- Opening Delimiter -

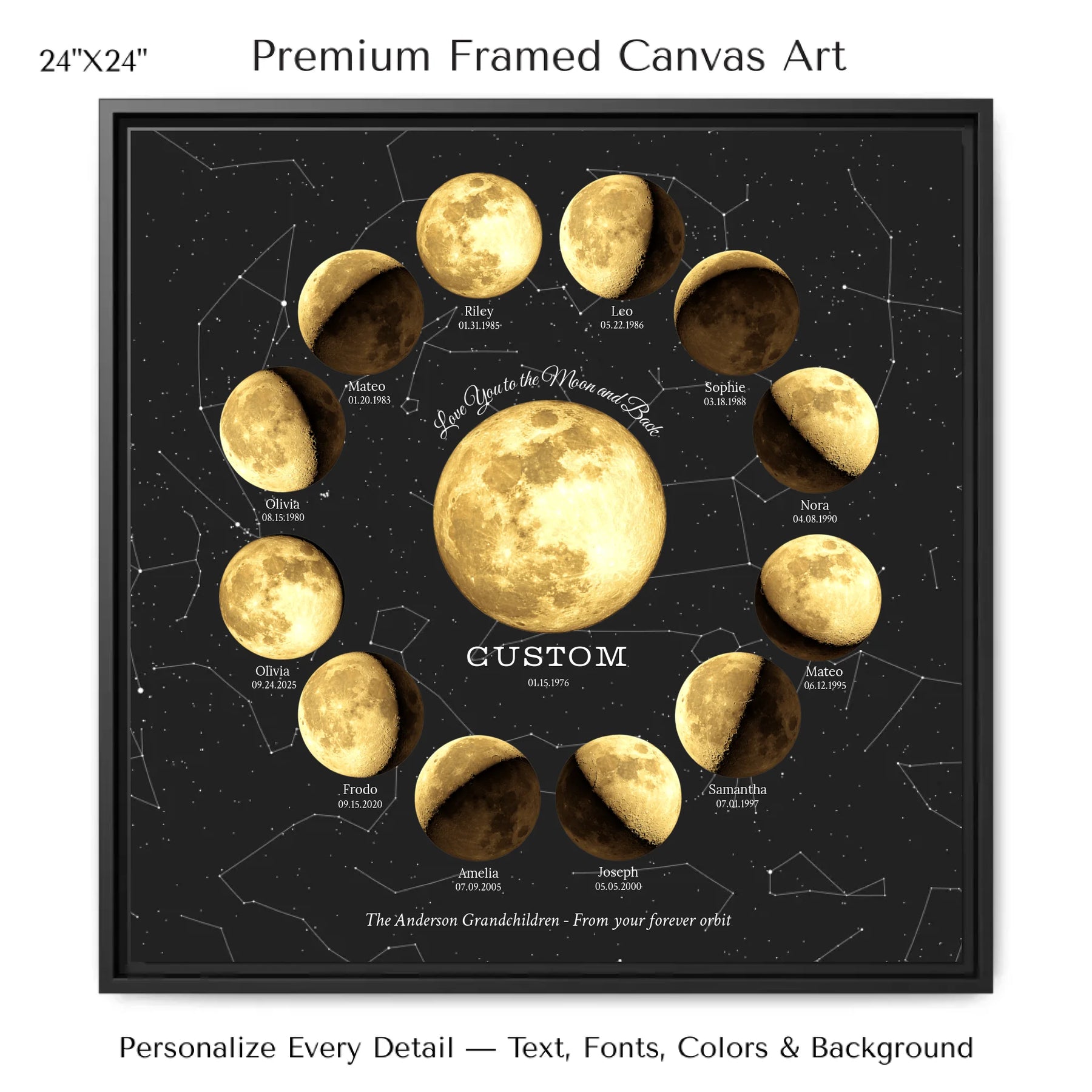 Add names and birth dates under each moon for a meaningful, celestial tribute.
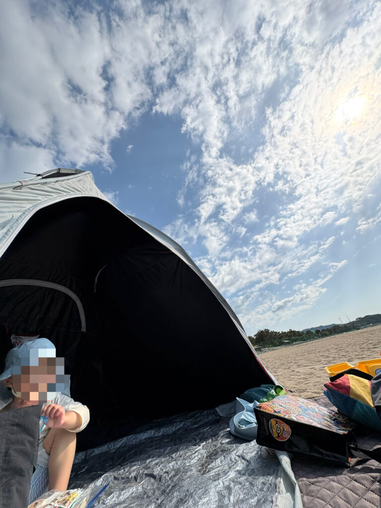 ※補足:本格的な干潟の潮干狩り場だと設営スペースがないかもですが、ぴちぴちビーチのようなレクリエーション要素の強い海水浴場であれば非常に重宝します。またぴちぴちビーチはスタッフに確認した上で持ち込みましたが、ワンタッチであってもテントの持ち込み不可のケースもあるかもなので、あらかじめ確認したうえで持ち込みましょう。
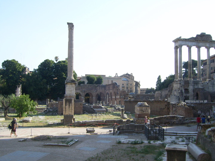 저 멀리 잔해더미 어딘가가 Curia ( 원로원 ) 일테고, 시저(카이사르) 가 칼을 맞으면서
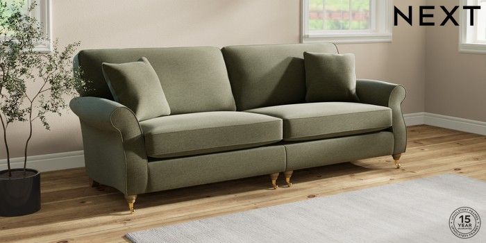 6.12.1 Buy Ashford 4 Seater Sofa Ripple Chenille Mid Moss Green Castor - Light from the Next UK online shop Click here to use our accessible website
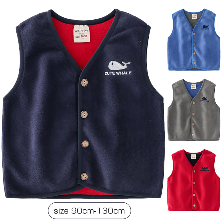 子供服 フリース ベスト 男の子 女の子 キッズ ボアベスト 秋冬 アウター あたっか 軽量 柔らかい トップス ユニセックス こども 赤ちゃん 保育園 幼稚園 小学生 日常着 ルームウェア 90 1

- Closing Delimiter -

Work instructions -
In the data above, the line containing "6.12.1 Buy Ashford" and all lines after it are to be reproduced exactly, leaving out the pictures.

Answer section -
 6.12.1 Buy Ashford 4 Seater Sofa Ripple Chenille Mid Moss Green Castor - Light from the Next UK online shop Click here to use our accessible website
 子供服 フリース ベスト 男の子 女の子 キッズ ボアベスト 秋冬 アウター あたっか 軽量 柔らかい トップス ユニセックス こども 赤ちゃん 保育園 幼稚園 小学生 日常着 ルームウェア 90 1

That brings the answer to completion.